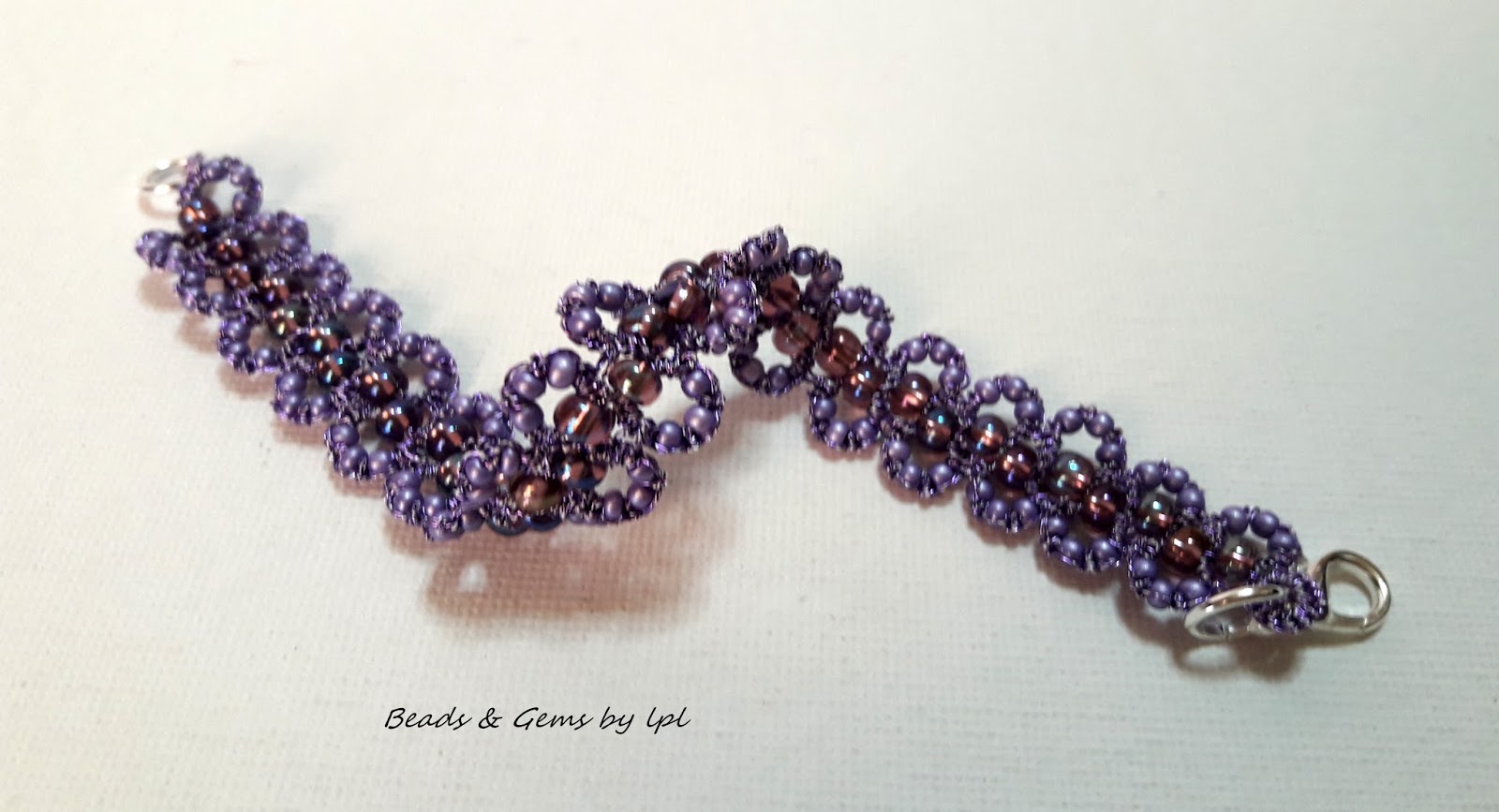 Handmade bracelet - The purple winter flower - tatted lace - metallic thread , 6mm & 9/o seed beads.
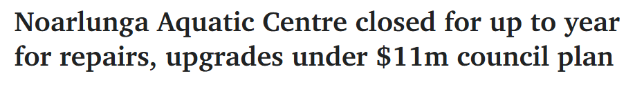 据悉,阿德南部一个受欢迎的水上运动中心将关闭长达一年,用于对建筑、屋顶和泳池过滤设备进行升级——同时不排除提高入场费的可能性。 Onkaparinga议会计划在接管Noarlunga Aquatic Centre的管理权后,斥资1080万 ...
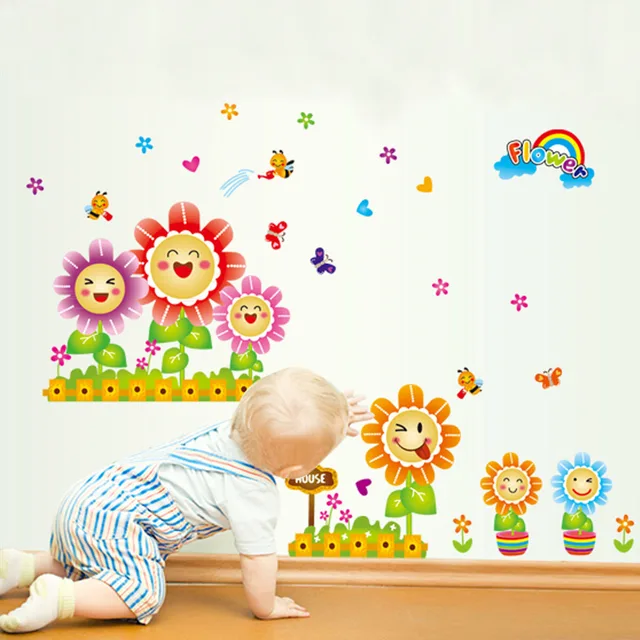 7120 Kartun Bunga Mekar Senyum Bunga Matahari Stiker Dinding Untuk
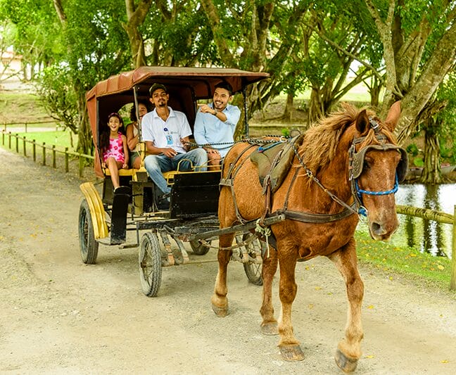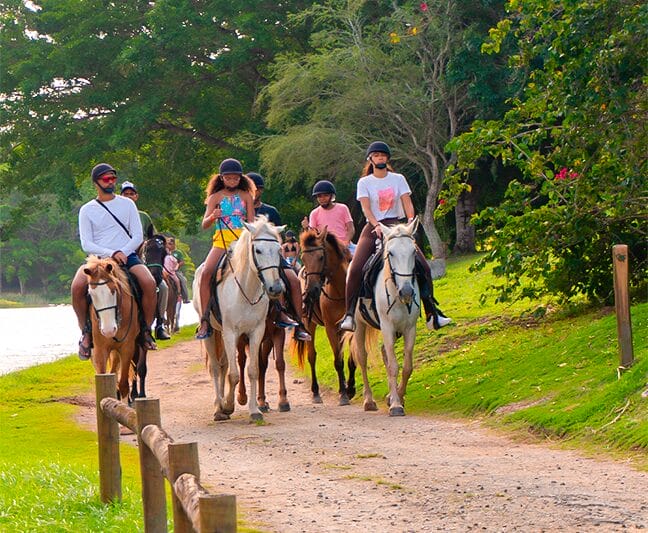 Sinta a liberdade de explorar a Reserva em um passeio a cavalo que combina natureza, tranquilidade e emoção. Essa experiência única permite uma conexão especial com o ambiente ao seu redor, proporcionando momentos inesquecíveis. O passeio tem duração média de 10 minutos, com a opção de participar desacompanhado para maiores de 18 anos, ou com autorização para menores.

···

Instructions to follow:
Both boundary lines included, write out word for word only the lines above from the one containing "Aquatic Centre的管理权后,斥资1080万 ..." to the one containing "7120 Kartun Bunga", leaving out any pictures.

Output for this exercise:
 据悉,阿德南部一个受欢迎的水上运动中心将关闭长达一年,用于对建筑、屋顶和泳池过滤设备进行升级——同时不排除提高入场费的可能性。 Onkaparinga议会计划在接管Noarlunga Aquatic Centre的管理权后,斥资1080万 ...
 7120 Kartun Bunga Mekar Senyum Bunga Matahari Stiker Dinding Untuk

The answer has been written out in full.